Yes. I have thought so much about this. The answer is yes, I can tell you something about that disconnect and Califf is very discerning. I would have no problem accepting what he just said about the way I sound. I have often commented that the name of my book is Desiring God — not having already found complete constant satisfaction in God.

So he is asking, What is with the disconnect about fighting for joy relentlessly and not having a simple, steady state, natural, sweet, resting in joy as God loves us so much? What is with that? The Bible itself very clearly says: “Rejoice always; and again I say, rejoice” (see Philippians 4:4). It says, “Give thanks for all things.” Yes, “for” not just “in.” There is another place that says “in,” but Ephesians 5:20 says, “Give thanks for all things.” So why do I talk so much about not having full joy and fighting for it and desiring to have it? What is the disconnect? Good question. There are three reasons for the disconnect — at least, three that I see.

1) Personality. This is tricky, but let me try. People are very different. By nature we are more or less cheerful, and I don’t mean to equate spiritual joy with natural cheerfulness. That would be a big mistake. But I do think personality makes some fruits of the Spirit more prominent in some than in others. And there are things in our personality and in our experience that create greater obstacles for experiencing certain spiritual graces.

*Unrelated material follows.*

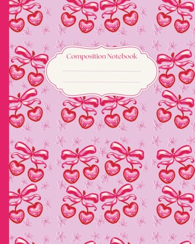 Preppy Cherry Coquette Bow Composition Notebook: Pretty Pastel Bow Design | Vintage Preppy Stuff | Pattern Pink Girly Diary | Aesthetic Design Ideal | ... Girls, Women, School, Office, College, Work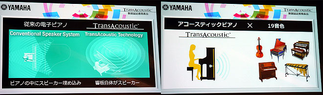 「トランスアコースティックピアノ」は、アコースティックピアノとしての音色や楽しみ方はそのままに、現代のテクノロジーを融合させたハイブリッドピアノ。音量が自由に調節できることから、これまで周囲への音の問題でアコースティックピアノを選ぶことができなかった人達に向けた新たな選択肢となるモデルだ。その特徴は、スピーカーをまったく内蔵せず、響板を電子音の演奏時にも利用したことにある。「トランスアコースティック=TransAcoustic」は、「trans」(英語の接頭辞“~の向こう側に”)とアコースティックピアノの「Acoustic」を組み合わせた造語で、これまでの枠を超える新しいピアノのあり方を表している。

For example, I think there are personality types that have a great more difficulty having patience and gentleness, and those are fruits of the Holy Spirit — and yet personality entangles us and makes obstacles, and we grieve him and we resist him more naturally than others. These come more easily for others than for some. So it is wit joy. So, my first explanation is that those who struggle the most for joy may have greater obstacles to overcome in their personality. That is the first answer.

2) The disconnect between steady state joy and the struggle for joy when we don’t have it, is sin in our lives. All of us who are born again have what Paul calls “indwelling sin” remaining in us. There is corruption that must daily be put to death. Colossians 3:5, “Put to death therefore what is earthly in you: sexual immorality, impurity, passion, evil desire, and covetousness, which is idolatry.” So he is telling Christians: Put that to death. If they are Christians that have to put it to death, there must be some remnants of it there to kill.

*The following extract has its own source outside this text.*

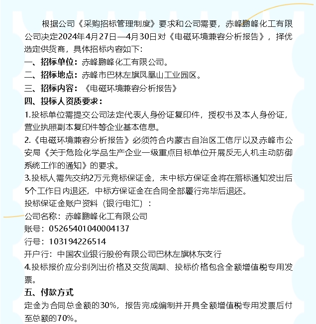 【招標(biāo)公告】鵬峰化工

Same thing with Romans 8:13: “For if you live according to the flesh you will die, but if by the Spirit you put to death the deeds of the body, you will live.” He is talking to Christians. Or 1 Peter 2:1, “So” — you, Christians — “put away all malice and all deceit and hypocrisy and envy and all slander.”

He is talking about warfare, daily warfare, encroaching sins that need to be squashed and killed and put down because they are militating against our joy. So the reality is: John Piper often fails in having attitudes and words and deeds that conform completely to the gospel. We are supposed to walk in step with the gospel and walk in step with the Spirit, (Galatians 2:14; Galatians 5:25).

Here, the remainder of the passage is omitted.